Molecular model of an alpha-helical prion protein dimer and its monomeric subunits as derived from chemical cross-linking and molecular modeling calculations.

Prions are the agents of a series of lethal neurodegenerative diseases. They are composed largely, if not entirely, of the host-encoded prion protein (PrP), which can exist in the cellular isoform PrP(C) and the pathological isoform PrP(Sc). The conformational change of the alpha-helical PrP(C) into beta-sheet-rich PrP(Sc) is the fundamental event of prion disease. The transition of recombinant PrP from a PrP(C)-like into a PrP(Sc)-like conformation can be induced in vitro by submicellar concentrations of SDS. An alpha-helical dimer was identified that might represent either the native state of PrP(C) or the first step from the monomeric PrP(C) to highly aggregated PrP(Sc).

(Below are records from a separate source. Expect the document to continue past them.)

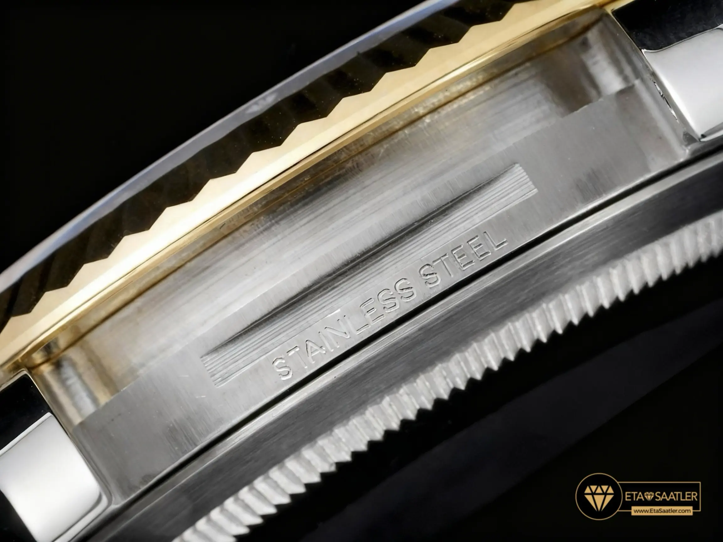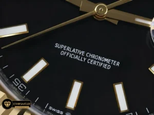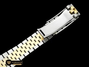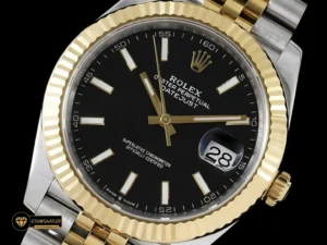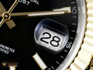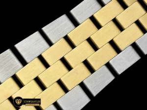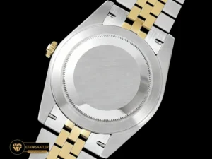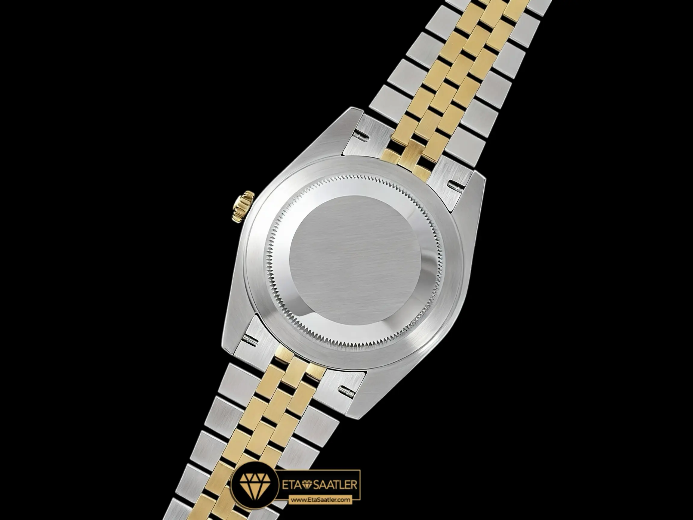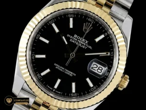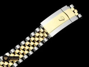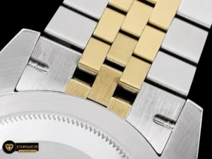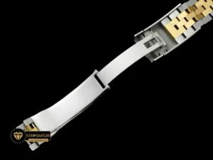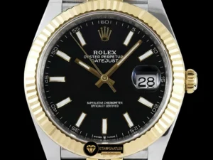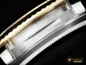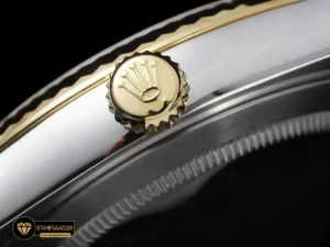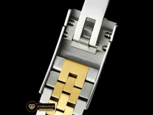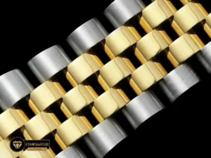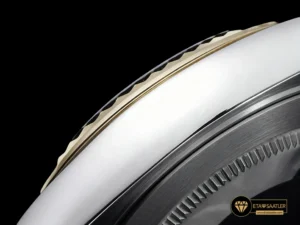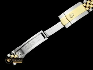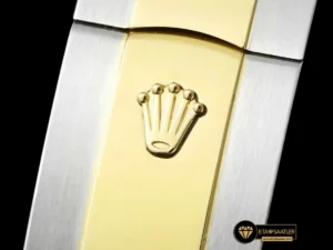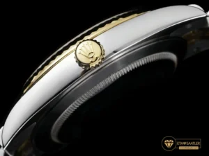 Rolex Datejust 126333 Siyah Kadran‘ın kasası, Rolex’in en popüler materyali olan Rolesor estetiğini yansıtan, Oystersteel ve **yüksek micron altın kaplamanın** zarif bir birleşimidir. 41mm’lik ideal kasa çapı, modern bir saat beklentisini karşılar ve bilekte güçlü ama dengeli bir varlık hissi yaratır. Kasanın yüzeylerindeki özenli saten fırçalanmış ve cilalı bitişlerin ustaca geçişleri, çeliğin sağlamlığını ve altının sıcak ışıltısını sergiler. Bu modelin en belirgin özelliklerinden biri olan **yivli (fluted) bezeli**, ustalıkla uygulanmış **yüksek micron altın kaplamaya** sahiptir ve her harekette ışığı yansıtarak saatin göz alıcı bir parlaklık kazanmasını sağlar. Yivli bezel, Rolex’in ayırt edici özelliklerinden biri olup, markanın klasiğini ve lüksünü temsil eder. Triplock kurma kolu sistemi, saatin su geçirmezliğini garanti altına alırken, kasanın sağlamlığı ve ergonomik yapısı, günlük kullanımda maksimum konfor sunar. VSF Factory‘nin bu kasadaki işçiliği, orijinalindeki Rolesor oranlarını, malzeme bitişlerini ve yivli bezelin kusursuz parlaklığını birebir yansıtır.
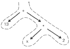 该节点含有两个子节点,对应节点对象的eval方法将被依次调用。左侧left()对应的子节点的eval方法将返回13,右侧right()对应的子节点的eval方法将返回x*2的计算结果。将两侧eval方法的返回值相加,就能得到+运算符的计算结果。该结果将成为+节点的eval方法的返回值
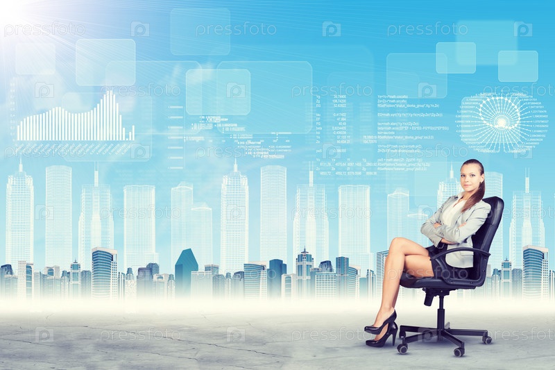 Девушка в кресле со скрещенными руками и глядя на камеру на абстрактного виртуального фона с графами
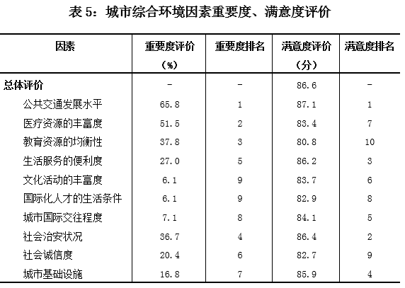 企业最满意的因素是公共交通发展水平、社会治安状况和生活服务的便利度,满意度评价分别为87.1分、86.4分和86.2分;企业满意度最低的因素是教育资源的均衡性,满意度评价为80.8分(见表5)。

In the present study, the molecular structure of these dimers was analyzed by introducing covalent cross-links using 1-ethyl-3-(3-dimethylaminopropyl) carbodiimide. Inter- and intramolecular bonds between directly neighboured amino groups and carboxy groups were generated. The bonds formed in PrP dimers of recombinant PrP (90-231) were identified by tryptic digestion and subsequent mass spectrometric analysis. Intra- and intermolecular cross-links between N-terminal glycine and three acidic amino acid side chains in the globular part of PrP were identified, showing the N-terminal amino acids (90-124) are not as flexible as known from NMR analysis. When the cross-linked sites were used as structural constraint, molecular modeling calculations yielded a structural model for PrP dimer and its monomeric subunit, including the folding of amino acids 90-124 in addition to the known structure. Molecular dynamics of the structure after release of the constraint indicated an intrinsic stability of the domain of amino acids 90-124.